In September 1978, George Lucas purchased the first parcel, then named Bulltail Ranch, which in subsequent years became Skywalker Ranch. Skywalker Ranch has cost Lucas up to US$100 million, according to the Wall Street Journal.  Lucasfilm acquired 3,000 acres (1,200 ha) of adjoining land for a total of over 4,700 acres (1,900 ha).  Only 15 acres (6.1 ha) have been developed.  For 25 years, the residents of the area have fought his plan to build a larger studio on the property, citing light and noise pollution.

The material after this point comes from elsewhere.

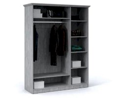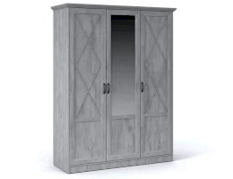 Распашной трехдверный шкаф выполнен в популярном стиле неоклассика – белые рамочные фасады с фактурой и рисунком натурального дерева, декоративные крестообразные накладки, фигурные ножки и карниз все это придает комнате элегантный и светлый вид. Вместительные отделения со штангой и полками поместит в себя верхнюю одежду, коробки с обувью и головные уборы. Мебель выполнена из экологичных материалов.

The Ranch contains a barn with animals, vineyards, a garden with fruits and vegetables used in the on-site restaurant, an outdoor swimming pool and fitness center with racquetball courts, the man-made "Ewok Lake", a hilltop observatory, a 300-seat theater called "The Stag" as well as theater screening rooms, and parking that is mostly concealed underground to preserve the natural landscape. Skywalker Sound was moved onto the ranch in 1987, now occupying the Technical Building. The Main House has a company research library under a stained-glass dome. Skywalker Ranch has its own fire station; it is part of the Marin County mutual aid system and is often called on to assist firefighters in nearby Marinwood.

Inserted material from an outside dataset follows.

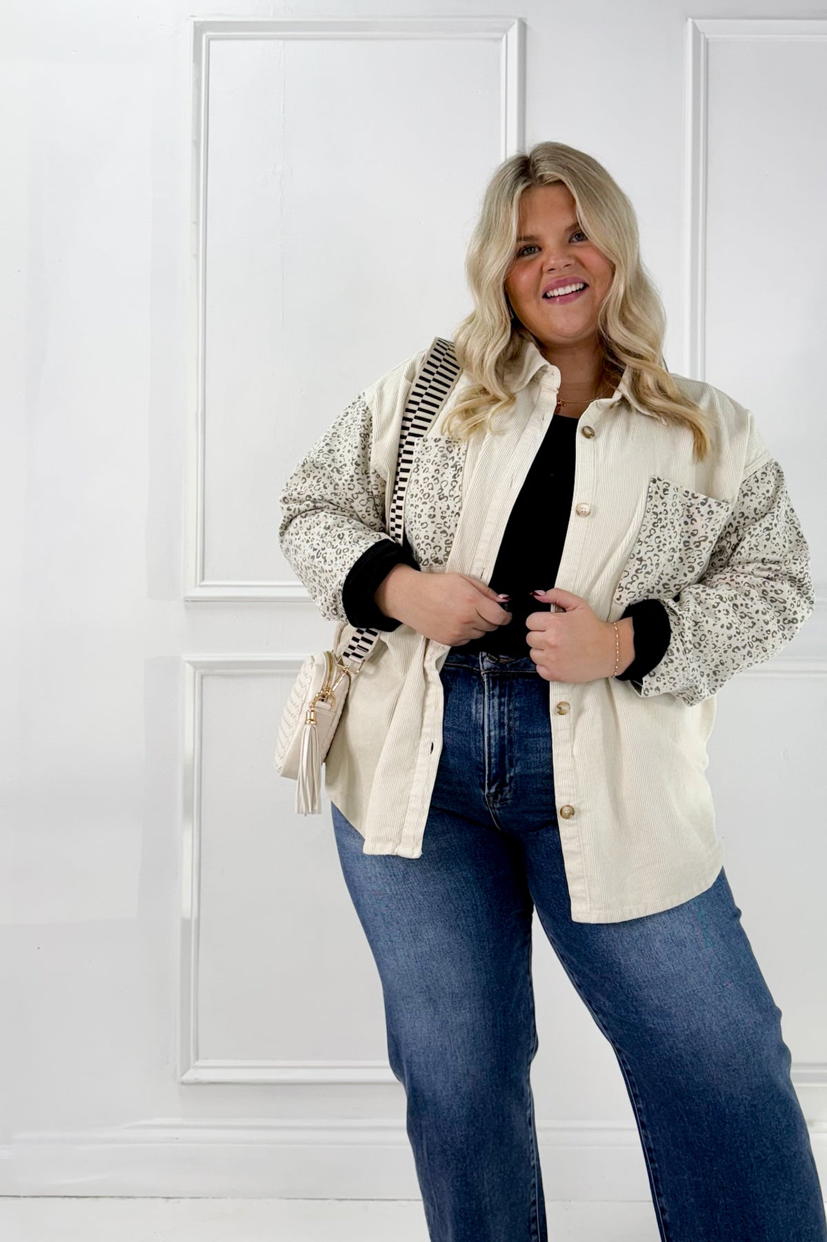 This shacket blends soft corduroy with bold animal print twill for a trendy contrast. Its relaxed fit and button-down style make it a versatile layering piece for casual outfits.

Skywalker Ranch is intended to be more of a "filmmaker's retreat" than a headquarters for Lucas's business operations. The headquarters of Lucasfilm, Industrial Light & Magic, and LucasArts are located in Lucas's Letterman Digital Arts Center in the Presidio of San Francisco. The George Lucas Educational Foundation is based at the Ranch.  Skywalker Sound remains based at the Ranch, for which Lucasfilm pays a rental fee to George Lucas, who remains the property's owner. Although Lucas maintains his offices there, he does not reside at the Ranch. Lucasfilm Games was located at the ranch during the early company years.

Nearby Lucas properties

Big Rock Ranch
Big Rock Ranch is a later Lucasfilm development in Marin county at 3800 Lucas Valley Road adjacent to Skywalker Ranch. The county's planning commission approved this facility in September 1996 and construction was completed in August 2002. However, in November 2004, Lucas announced that the 250 employees of the ranch were to be moved to the Letterman Digital Arts Center.

The ranch comprises 1,061 acres (429 ha), of which 43 acres (17 ha) are developed with 317,000 sq ft (29,500 m2) of office space. Before the move to the Presidio in 2005, Big Rock Ranch housed the marketing, licensing, distribution and online divisions of Lucasfilm.  it was the headquarters of the animation division.
In 2018, Big Rock Ranch was renovated into an opulent, 56-room resort called "Summit at Skywalker Ranch". The facility hosts exclusive corporate retreat events.

Others
Starting in 1988, Lucasfilm sought approval to develop another nearby property called Grady Ranch at 2400 Lucas Valley Road. The most recent proposals called for a  digital film production center for the property. However, in the wake of delays caused by local resistance and environmental concerns, Lucas abandoned these plans in April 2012 and has instead decided to sell the land.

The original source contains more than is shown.